Foto: Daniel Derevecki

Riquelme: pegar ou largar.

O Ministério Público Estadual vai ter R$ 12 milhões a mais para gastar no próximo ano. Para que esse reforço conste do orçamento de 2008, a instituição terá que retirar o mandado de segurança que impetrou contra o governo do Estado para aumentar de 3,6% para 4% sua participação na receita do próximo ano.  

Estes são os termos do acordo costurado pela Assembléia Legislativa entre o governo e o Ministério Público em reunião realizada na quinta-feira passada, 1.º.

Ontem, o 1.º secretário da Assembléia Legislativa, Alexandre Curi (PMDB), disse que depende agora do Ministério Público colocar um ponto final no impasse que paralisou, por decisão judicial, a tramitação do projeto de orçamento do próximo ano. Enquanto prevalecer a liminar concedida pelo Tribunal de Justiça ao Ministério Público, determinando uma dotação de 4% para a instituição, a Assembléia Legislativa não pode dar continuidade à discussão e votação do orçamento.

O extra de R$ 12 milhões que o governo concordou em acrescentar ao orçamento do Ministério Público corresponde a 3,9% da receita líquida prevista na proposta encaminhada à Assembléia Legislativa. No texto original, o governo destina 3,6% para a instituição.
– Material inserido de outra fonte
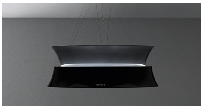
Immagine indicativa del prodotto Potrebbe non corrispondere alla versione selezionata

Mas a emenda que será apresentada ao texto original do governo não deverá estipular em percentuais o reforço para o MP, disse Curi. ?Nós vamos trabalhar com números absolutos. O Ministério Público precisa de doze milhões para trabalhar e ponto final?, afirmou.

Mudança

A proposta de conciliação já tem o aval do governador Roberto Requião (PMDB), que se reuniu com o presidente da Assembléia Legislativa, Nelson Justus (DEM), o procurador-geral de Justiça, Milton Riquelme de Macedo, e o presidente do Tribunal de Justiça, desembargador José Antonio Vidal Coelho.

O 1.º secretário da Assembléia Legislativa afirmou que o secretário do Planejamento, Ênio Verri, já está formulando algumas mudanças ao orçamento em decorrência de mudanças na legislação que estão em votação no Congresso Nacional. A exclusão das despesas com saneamento da dotação mínima de 12% da receita na saúde, que está sendo votada na Câmara dos Deputados, vai obrigar o governo do Estado a adequar a proposta de orçamento para a área em 2008, explicou. No cálculo dos 12% da proposta encaminhada pelo governo para a saúde estão contabilizadas as despesas com obras de saneamento.

A alteração do orçamento do Ministério Público pode ser feita junto com a revisão dos investimentos na área de Saúde pela Secretaria do Planejamento, disse Curi. Ou poderá ser apresentada em forma de emenda pela própria comissão de orçamento da Assembléia Legislativa.